We obviously start with just the main arena. The main arena is extended using the brk() syscall and the other arenas are extended by mapping new ‘heaps’ (using mmap) and linking them. So an arena can generally be seen as a linked list of heaps.
An Arena for a Thread
The arena implementation was faster than the earlier model of using just a single arena with an on-demand model for reduction of contention in the general case. The process of detecting contention however was sufficiently slow and hence a better idea was needed. This is where the idea of having a thread stick to one arena comes in.
With the arena per-thread model, if malloc is called for the first time within a thread, a new arena is created without looking at whether the earlier locks would be contended or not. As a result, for a sane number of threads*, one can expect zero contention among threads when locking arenas since they’re all working on their own arenas.

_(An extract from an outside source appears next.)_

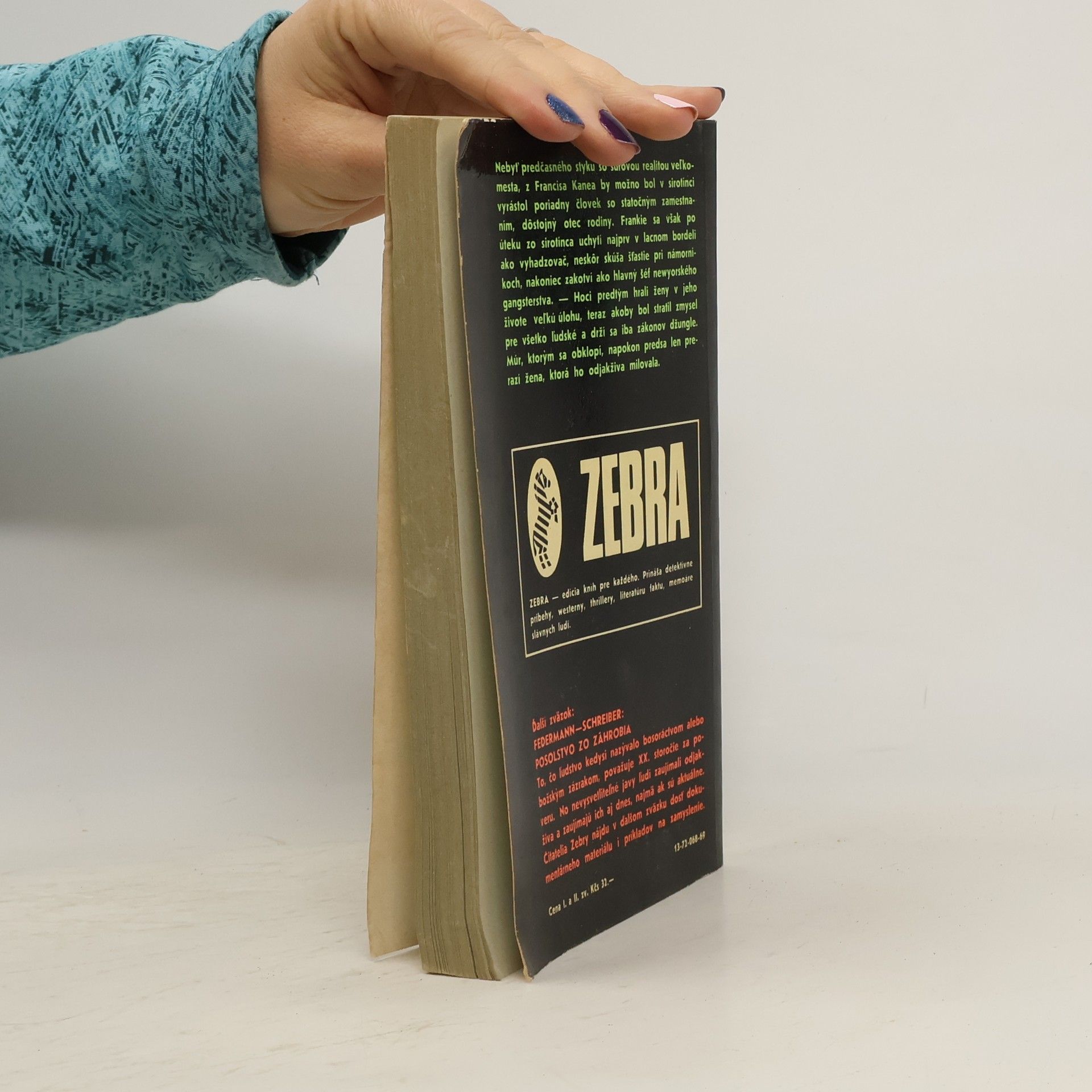 Nebyť predčasného styku so surovou realitou veľkomesta, z Francisa Kanea by možno bol v sirotinci vyrástol poriadny človek so statočným zamestnaním, dôstojný otec rodiny. Frankie sa však po úteku zo sirotinca uchytí najprv v lacnom bordeli ako vyhadzovač, neskôr skúša šťastie pri námorníkoch, nakoniec zakotví ako hlavný šéf newyorského gangsterstva. Hoci pred tým hrali v jeho živote veľkú úlohu ženy, teraz akoby bol stratil zmysel pre všetko ľudské a drží sa iba zákonov džungle. Múr, ktorým sa obklopí, napokon predsa len prerazí žena, ktorá ho odjakživa milovala. Sv. 1. 1969. 253 s. -- sv. 2. 1971. 231 s.

There is a limit to the number of arenas that are created in this manner and that limit is determined based on the number of cores the system has. 32-bit systems get twice the number of cores and 64-bit systems get 8 times the number of cores. This can also be controlled using the MALLOC_ARENA_MAX environment variable.
- A sane number of threads is usually not more than twice the number of cores. Anything more and you’ve have a different set of performance problems to deal with.
The Problem (or not)
The whole issue around the concept of arenas is the amount of ‘memory’ it tends to waste. The common complaint is that the virtual memory footprint of programs increase due to use of arenas and definitely more so due to using a different arena for each thread. The complaint is mostly bogus because of a couple of very important features that have been there for years - loads and loads of address space and demand paging.
The linux virtual memory model can allow a process to access most of its virtual memory address space (provided it is requested and mapped in). A 64-bit address space is massive and is hence not a resource that is likely to run out for any reasonable process. Add to it the fact that the kernel has mechanisms to use physical memory only for pages that are needed by the process at that time and you can rest assured that even if you map in terabytes of memory in your process, only the pages that are used will ever be accounted against you.
Both arena models rely on these facts. A mapped in arena is explicitly requested without any permissions (PROT_NONE) so that the kernel knows that it does not need any physical memory to back it. Block requests are then fulfilled by giving read+write permissions in parts. Freed blocks near the end of heaps in an arena are given back to the system either by using madvise(MADV_DONTNEED) or by explicitly unmapping.
So in the light of all of this, as an administrator or programmer, one needs to shift focus from the virtual memory column in your top output to the RSS column, since that is where the real resource usage is. Address space usage is not the same thing as memory usage. It is of course a problem if RSS is also high and in such cases one should look at the possibility of of a memory leak within to process and if that is not the problem, then fragmentation within the arenas. There are tuning options available to reduce fragmentation. Setting resource limits on address space usage is passe and it is time that better alternatives such as cgroups are given serious consideration.